# Interest group forums > Pest Control Industry Forum >  Borer Beetle

## daveob

OK, I remember reading somewhere on the forum (can't find it again) over the last few days about the 1mm sized holes and little piles of wood-dust being caused by borer beetles.

Well that's exactly what I have in my built-in office cupboard. It's in the end of a 20x38mm strip used to support a melamine shelf.

What's the treatment ?

Do I rip it out and replace the brace and the shelf ?

Do I need to remove all wood from the cupboard ?

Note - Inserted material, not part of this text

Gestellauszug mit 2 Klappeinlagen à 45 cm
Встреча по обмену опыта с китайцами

A bit concerned as I have 130 square meters of Kiaat parquet flooring and I don't want to lose it - I love the natural wood floor.

----------


## Just Gone

oooops ........ I used to work for a importer of wooden picture frame mouldings years ago .......... when we used to find borer beatles we had to move very quickly and thow the entire batch away as it eventually ends up in one big pile of dust.  We used to try and paint on an 'anti beatle" liquid - never worked but I'm sure they have found a solution to the problem now tho.

----------


## Dave A

> It's in the end of a 20x38mm strip used to support a melamine shelf.
> 
> What's the treatment ?
> 
> Do I rip it out and replace the brace and the shelf ?


That would probably be the cheapest way. And burn the infested piece of timber.

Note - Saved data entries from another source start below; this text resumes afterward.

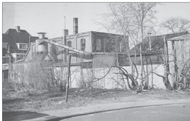
De voormalige fabriek gezien vanuit de Karbouwstraat in 1965.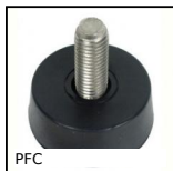
PFC Piede fisso, Livellamento per piccoli elementi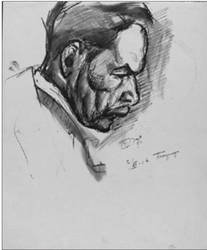
Рис. 2. Браз О.Э. А.И.Анисимов. 2 ноября 1916 г. Петергоф. Бумага, тушь, перо, кисть. 19,8 x 16,8. ГТГ. Инв. 20235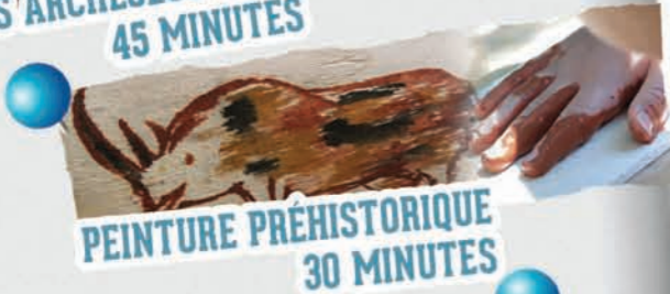
PEINTURE PRÉHISTORIQUE 30 MINUTES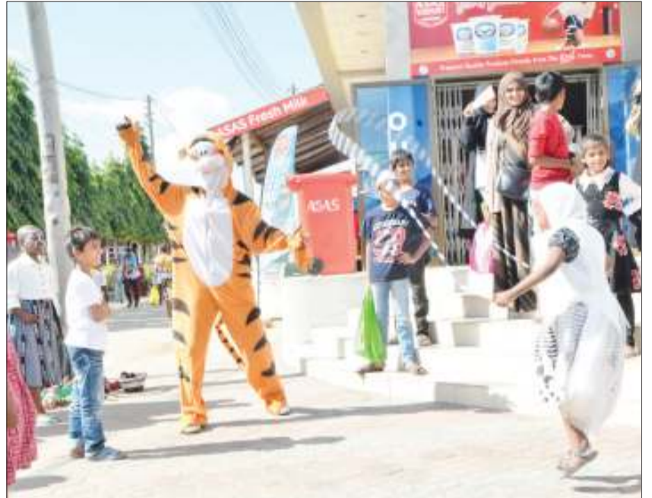
Watoto wakicheza nje ya mabanda ya biashara.

If it's the powder post beetle - Kevin's forecast for the future is entirely accurate.

----------

daveob (28-Nov-11)

----------


## daveob

Thanks Dave_A

What about the melamine shelf resting on the brace ? and the other braces and shelves in the cupboard ? How far would you go to ensure you've got the problem removed ?

----------


## Dave A

Check for cross-over infestation (borer holes from one piece to another) when you remove the infested piece of timber.

Being melamine (synthetic veneer on chipboard), and provided the infestation is powder post beetle, the infestation being able to take hold in the melamine is extremely unlikely.

Powder post beetles have pretty specific "requirements" of the timber they infest:
The need access to the end grain to lay their eggs
They only infest hardwoods with a cell size large enough for the egg to be inserted into.

The vulnerable timbers are of the gum, eucalyptus, meranti sort of range.

----------

daveob (29-Nov-11)

----------